Bir kişi yaşamındaki gerçeklerin farkındaysa ve sorgusuz sualsiz, reddetmeden, göz ardı etmeden, başkalaştırmadan, kendini kandırmadan, o gerçekleri kabul etmeyi başarabiliyorsa, gereksiz yere savaşacağı alanı, kendi elleri ile ortadan kaldırmış olur.

Öğrenmiş olur ki;

Gerçeklerin gerçek halleri ile savaşmanın kazanması da yoktur.

Gerçeklerini kabul ederek savaş alanını ortadan kaldıran kişi, hafifler ve zihnini berraklaştırır. Sonrasında bu durumlarla birlikte kendine ve kendi yapacaklarına odaklanabilir. Odaklandığında ise yapabilme potansiyelinin farkına vararak onu kullanma becerisi kazanabilir. Kendi hayatının direksiyonuna oturur, kendi yaşamının patronu olur. Kendine özgü yollar bularak eyleme geçer. Bütün bunlarla olgunlaşır, büyür ve kendi yaşamının sorumluluklarını alır. Eylemlerinin sonuçlarının bedelini öder, sefasını sürer. Sonuçlar bazen batırsa da sonunda çıkarır. Çünkü bazen çıkabilmek için batmak da gerekir.

Demem o ki;

Batmaktan korkulmamalıdır…

Hayatının mucizeleri, gerçeklerin olduğu hali ile kabulünden sonra başlar. Çünkü gerçeklerin kabulü ile artık aşağıdaki, sömüren düşünceler ve konuşmalar da sona ermiştir;

Bunu bana nasıl yapar?

Bunu bana nasıl söyler?

Bana bu şekilde nasıl davranır?

Beni bu hale nasıl düşürür?

Bunu gözü nasıl görmez?

Böyle bir şeye nasıl yeltenir? Savaşını bitirip,

‘’Evet, benim hayatımdaki bu kişi bütün bunları yapmış, söylemiş, davranmış, düşürmüş, görmemiş, yeltenmiş…

Bütün bunlar gerçek. Ben, tüm bu gerçekleri kabul ediyorum. Gerçekleri kabul ediyor olmam, onayladığım, katıldığım ya da aynı fikirde olduğum anlamına gelmiyor. Gerçeklerden olumsuz etkileniyorum, çok üzülüyorum, hatta kahroluyorum evet. Onun yaptıkları, benim de etkileniyor olamama rağmen benimle ilgili değil. Onun yaptıklarının sorumlusu ben değilim. Herkes kendi yaptıklarından ve yapmadıklarından sorumlu. Aynı benim de kendi düşündüklerimden, hissettiklerimden, yaptıklarımdan ve yapmadıklarımdan sorumlu olduğum gibi’’ şeklinde düşünüldüğünde ve tüm gerçekler tüm gerçeklikleri ile kabul edildiğinde, kişiler, durumlar ve olaylar o ana kadar olandan bambaşka görünmeye başlar.

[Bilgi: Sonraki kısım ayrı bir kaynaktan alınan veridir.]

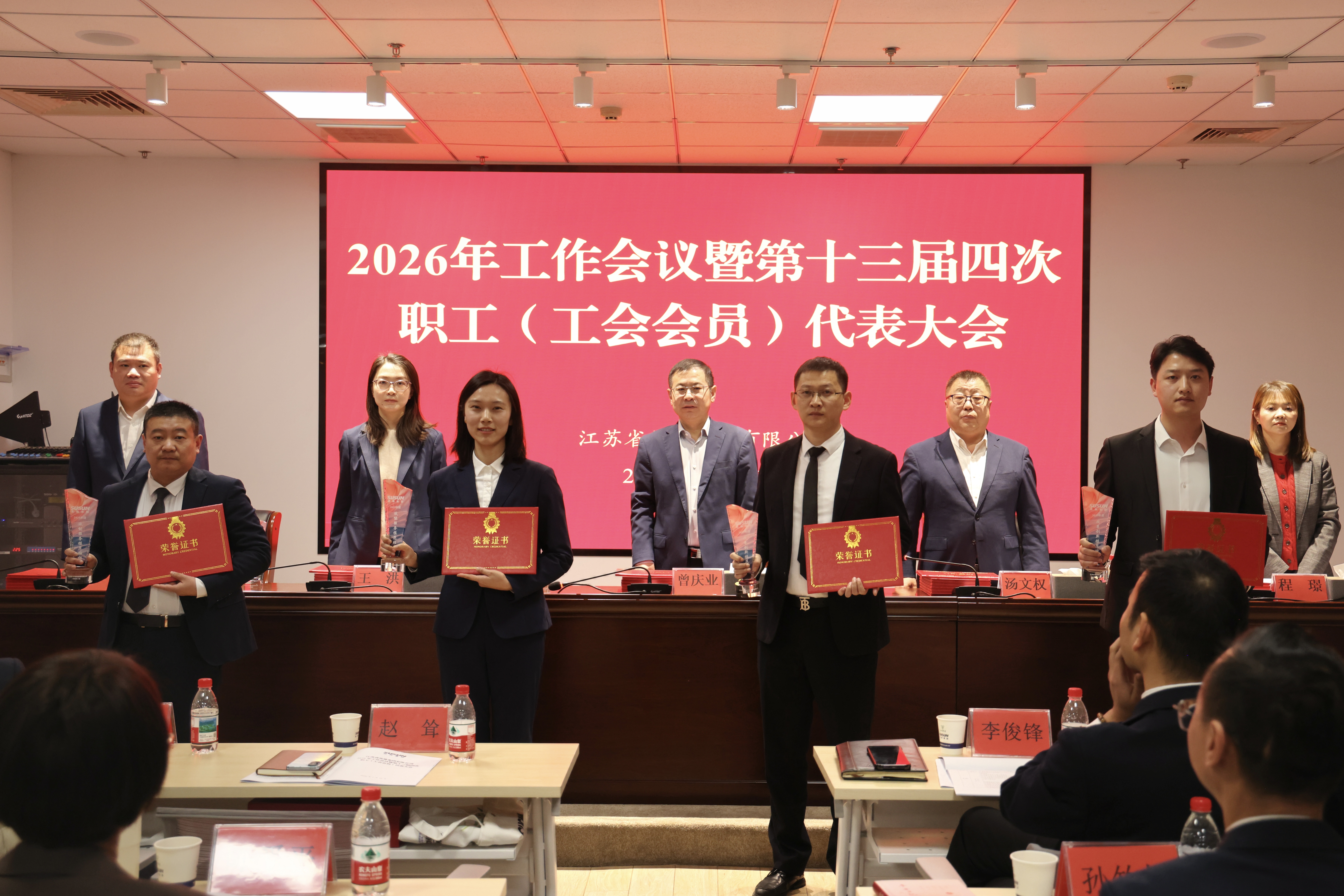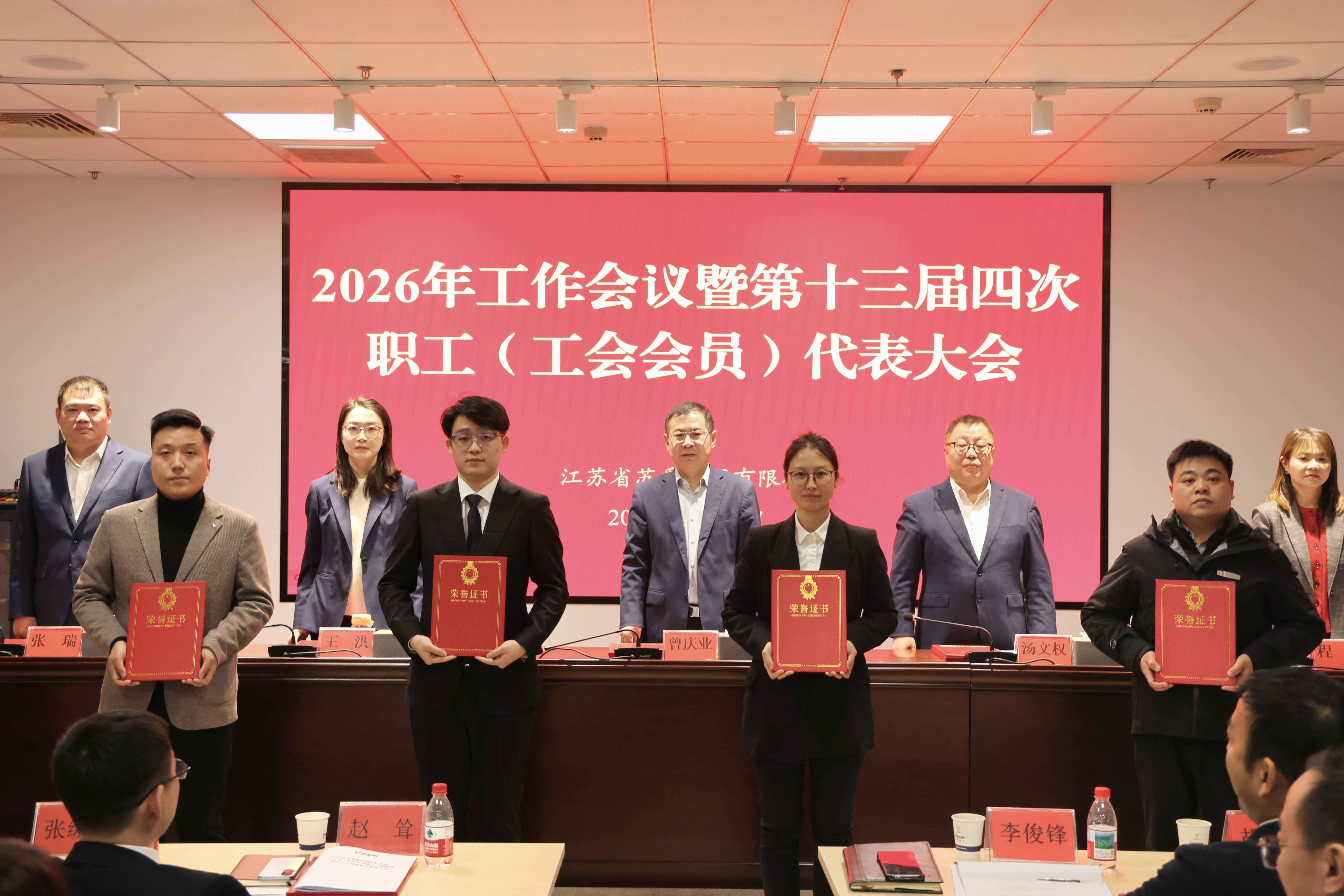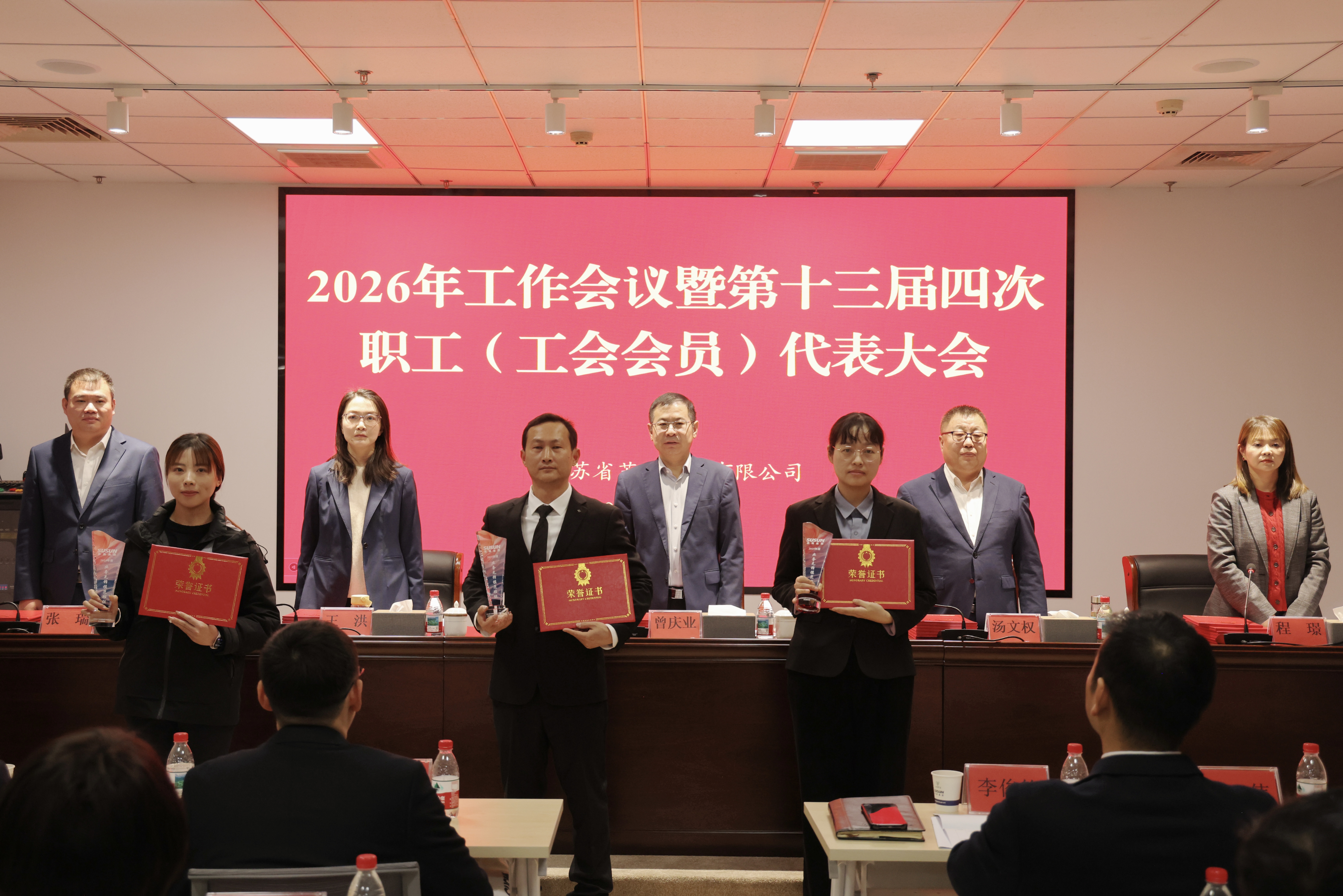 1月26日,江苏省苏舜集团有限公司2026年工作会议暨第十三届四次职代会顺利召开。公司党委书记、董事长曾庆业作工作报告,副总经理、工会主席汤文权作工会工作报告,副总经理程璟宣读表彰决定。公司领导班子、子公司及职能部门负责人、职工代表、2025年度先进代表等参加会议。
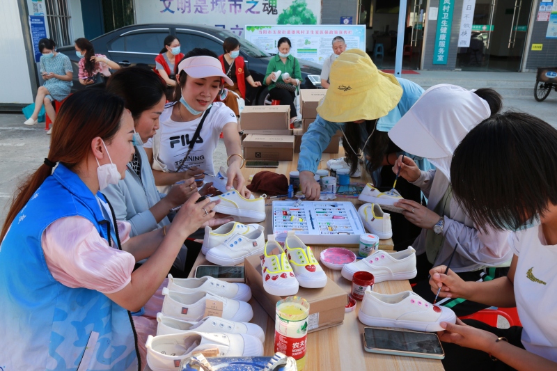 “手绘白鞋”、“手工香皂”、“套圈”等社会组织带来的互动体验项目,吸引了许多居民前来参加,他们享受着手工带来的乐趣。居民王老伯带着老伴逐个项目体验,他说:“本来是出来散散步的,没想到碰上一场公益集市,很有意义!”兑换区,居民们把自己闲置的物品在这里进行“物物交换”。“我今天拿了我家的闲置物品兑换了一双新鞋好开心!”居民郑玉高兴的说道。还有很多居民义捐了衣服、棉被、鞋子等生活用品。宣传区,志愿者正在为居民宣讲政策法规、居民权利和禁毒戒赌的方式方法,通过参观展架、现场咨询、阅读宣传资料等,大家对社会工作的内容和对象有了更直观的了解。
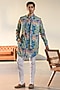 Featuring a blue bundi jacket in russian silk base with floral digital print. It is paired with a matching kurta. This contains only two piece.
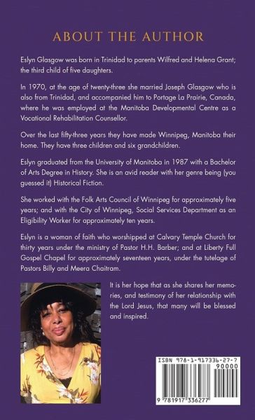 Eslyn Glasgow was born in Trinidad to parents Wilfred and Helena Grant; the third child of five daughters. In 1970, at the age of twenty-three, she married Joseph Glasgow, who is also from Trinidad, and accompanied him to Portage la Prairie, Canada, where he was employed at the Manitoba Developmental Centre as a Vocational Rehabilitation Counsellor. Over the last fifty-three years, they have made Winnipeg, Manitoba, their home. They have three children and six grandchildren. Eslyn graduated from the University of Manitoba in 1987 with a Bachelor of Arts degree in History. She is an avid…mehr

Bütün bu gerçekler sükûnetle kabul edildiğinde derin bir acı hissedilir. Bu, gerçeğin acısıdır. Bazı gerçekler acıdır ve bazı gerçekler de gerçekten acıtır.

Bilinmelidir ki;

Hiçbir duygunun sonsuza kadar sürmeyeceği gibi, hiçbir acı da sonsuza kadar sürmez.

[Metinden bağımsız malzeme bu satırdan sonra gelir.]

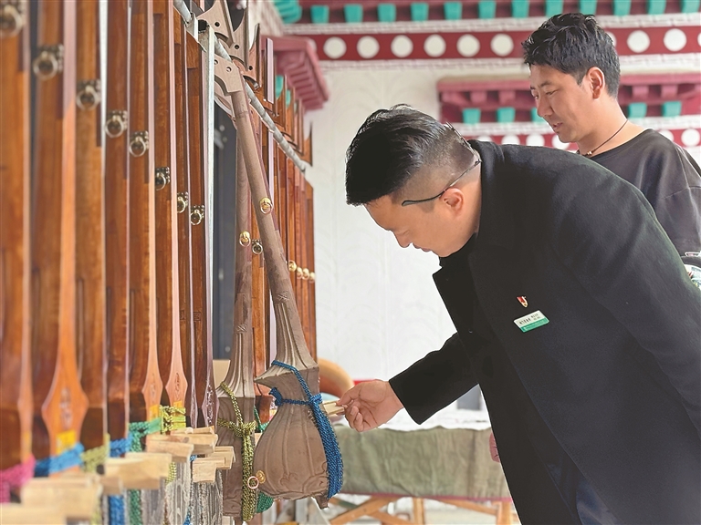 農(nóng)行西藏分行客戶經(jīng)理上門(mén)調(diào)研扎木念琴的制作銷售情況。
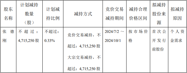 因自身资金需求,友发集团董事张德刚拟自减持计划公告披露之日起15个交易日之后的3个月内,通过集中竞价交易方式或者大宗交易方式减持不超过4,715,250股公司股份,减持股份数量占公司总股本的0.33%,占其持有股份的25%,减持价格视市场价格确定。若减持期间友发集团发生派发红利、送红股、转增股本、增发新股或配股等除权、除息事项,上述减持股份数量将相应进行调整,在此减持期间如遇法律法规规定的窗口期,则不减持。
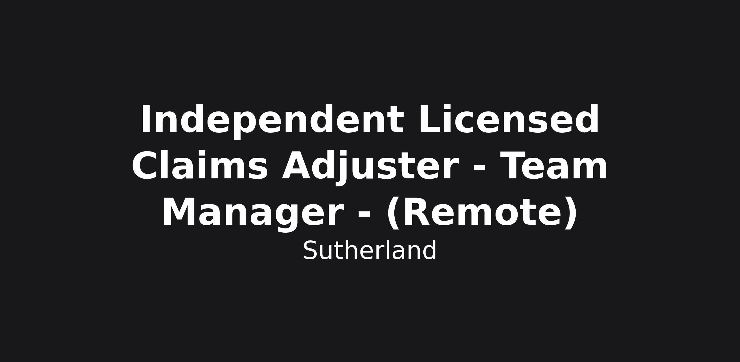 Sutherland is looking to add an Independent Licensed Claims Adjuster - Team Manager - (Remote) - to our team. If you feel you're ready for the next step in your career, and have passion for coaching & mentoring others, we want to hear from you!
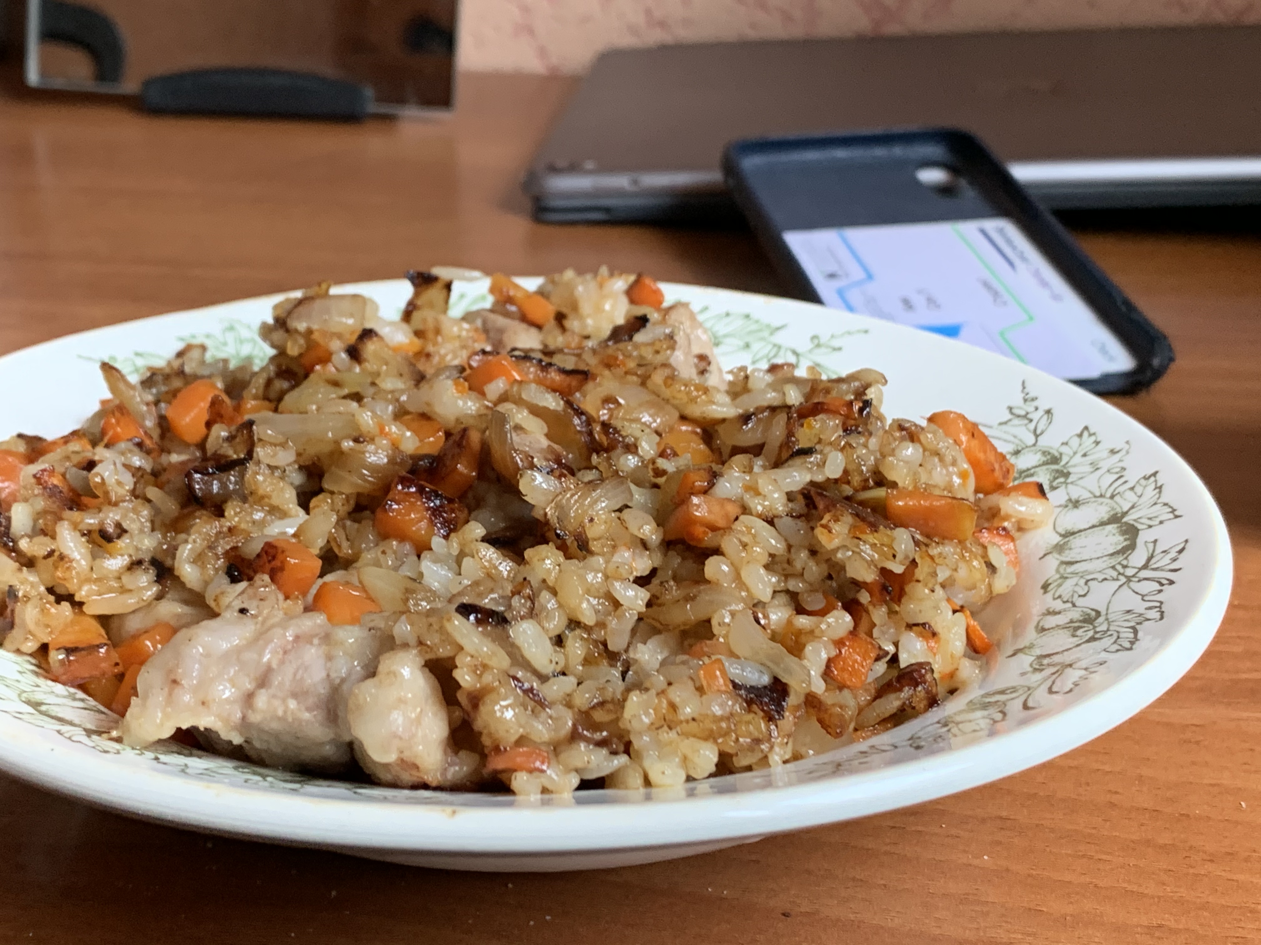 왼쪽은 20루블짜리 빈 쁠롭을 가져와서 당근이랑 양파, 돼지고기까지 넣어서 볶은 거고, 오른쪽은 아마 뒷다리고기가 들어간 쁠롭 (85루블정도)에 계란만 넣어서 볶은 음식입니다. 어떻게 보면 반쯤 패스트푸드라고 볼 수도 있겠네요!

Birisi senin hayatında hak ettiğini düşündüğün şekilde olmuyorsa, o kişinin hayatından uzaklaşması en değerli armağandır. Eğer senden uzaklaşmıyorsa, sen onu göndererek kendine çok daha değerli bir armağan verebilirsin. Çünkü senin onu göndermenin acısı, onun varlığı ile sonsuza kadar çekeceğin acıdan ve hayata katlanmaya çalışmandan daha çok olmayacaktır.

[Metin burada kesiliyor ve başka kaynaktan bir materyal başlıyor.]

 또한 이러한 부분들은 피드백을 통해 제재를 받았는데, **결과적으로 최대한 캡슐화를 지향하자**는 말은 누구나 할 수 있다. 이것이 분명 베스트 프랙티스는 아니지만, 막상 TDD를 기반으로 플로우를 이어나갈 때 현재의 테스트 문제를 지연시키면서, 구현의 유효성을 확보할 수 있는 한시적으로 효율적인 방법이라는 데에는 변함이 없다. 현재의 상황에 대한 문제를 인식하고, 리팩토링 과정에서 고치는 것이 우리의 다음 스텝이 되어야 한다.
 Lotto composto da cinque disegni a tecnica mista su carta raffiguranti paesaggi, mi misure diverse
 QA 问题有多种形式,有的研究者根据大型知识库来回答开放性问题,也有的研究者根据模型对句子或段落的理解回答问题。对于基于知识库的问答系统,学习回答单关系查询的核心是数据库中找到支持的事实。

Böyle bir kişi tarafından terkedilmen ya da böyle bir kişiyi hayatından göndermen sana çok derin bir acı yaşatabilir ama yüreğin bir süre sonra iyileşecektir.

Tekrarlayayım;

Hiçbir duygu sonsuza kadar sürmez. O duyguya neden olan durumu, olayı ya da kişiyi algılama şeklin ve düşüncelerin değiştiğinde, duygunda değişir.

Şimdi eylem zamanı…

Tercihini yap!

Eyleme geç,

Bedelini öde,

Cefasını çek,

Sefasını sür...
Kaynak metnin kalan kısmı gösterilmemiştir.